Snow-capped onion domes, troika rides, richly spiced glintwein; there are plenty of reasons to celebrate Christmas in St Petersburg. And that’s before you’ve even touched on its world-class museums, decadent dining and eclectic boutiques, perfect for some last minute Christmas shopping. From how to celebrate a Russian Orthodox Christmas to traditional food and drink, these are the Russian Christmas traditions to take note of on a festive trip to St Petersburg.
If you’re going to spend Christmas in St Petersburg, there’s one crucial thing you should know – it isn’t celebrated on 25th December. In Russia, as in many other Orthodox Christian countries, Christmas Day falls on 7th January, according to the Julian (rather than the Western Gregorian) calendar.
It’s also worth keeping in mind that Russian Christmas traditions are still something of a mixture of old and new. Back in 1917, the Soviets banned religious celebrations, directing the seasonal energies towards New Year’s Eve instead. Even today, many Russians consider New Year’s Eve the bigger seasonal celebration.
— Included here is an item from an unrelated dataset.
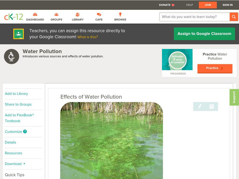 [Free Registration/Login may be required to access all resource tools.] Water pollutants can have an effect on both the ecology of ecosystems and on humans. As a result of water pollution, humans may not be able to use a waterway for...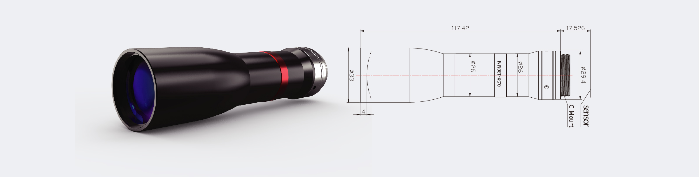 | 15 | Lens Size(Dia.×Length) | Ф33.0×117.42mm | |

To channel the Russian Christmas spirit in St Petersburg, you could adhere to the traditional Russian Orthodox fast, which involves eating no meat or dairy for 40 days before Christmas. A shame when on holiday, but at least there’s an almighty feast to look forward to on Christmas Day. If seasonal fasting is not one of the Russian Christmas traditions you fancy experiencing, St Petersburg’s restaurants will have plenty of indulgent dishes to enjoy. From eccentric Russian fare such as “Lake Herring Under a Fur Coat” at Palkin (herring served with a potato foam and carrot sauce, topped with beetroot crisps) to an abundance of glintwein (Russian mulled wine) at the St Petersburg Christmas Market, there’s plenty of opportunity to indulge. Some other Russian foods that are traditionally eaten at Christmas include Kutia – a cooked porridge a little like rice pudding, served with poppy seeds, honey, nuts and dried or candied fruit – and Sauerkraut, often served with carrot and cranberries.
But for those looking to experience the most authentic Russian Christmas traditions, the Orthodox Church is still at the heart of the celebrations for many Russians. Traditional Russian Orthodox Christmas festivities take place on 7th January, with Christmas Mass and the breaking of the aforementioned fast being the two most important aspects of the day. St Petersburg’s grand Kazan Cathedral hosts a Russian Orthodox service on Christmas Day, which is always well attended. But for the less religiously inclined, a visit to the cathedral is still worth undertaking, if only to gaze up at the enormous Christmas tree outside.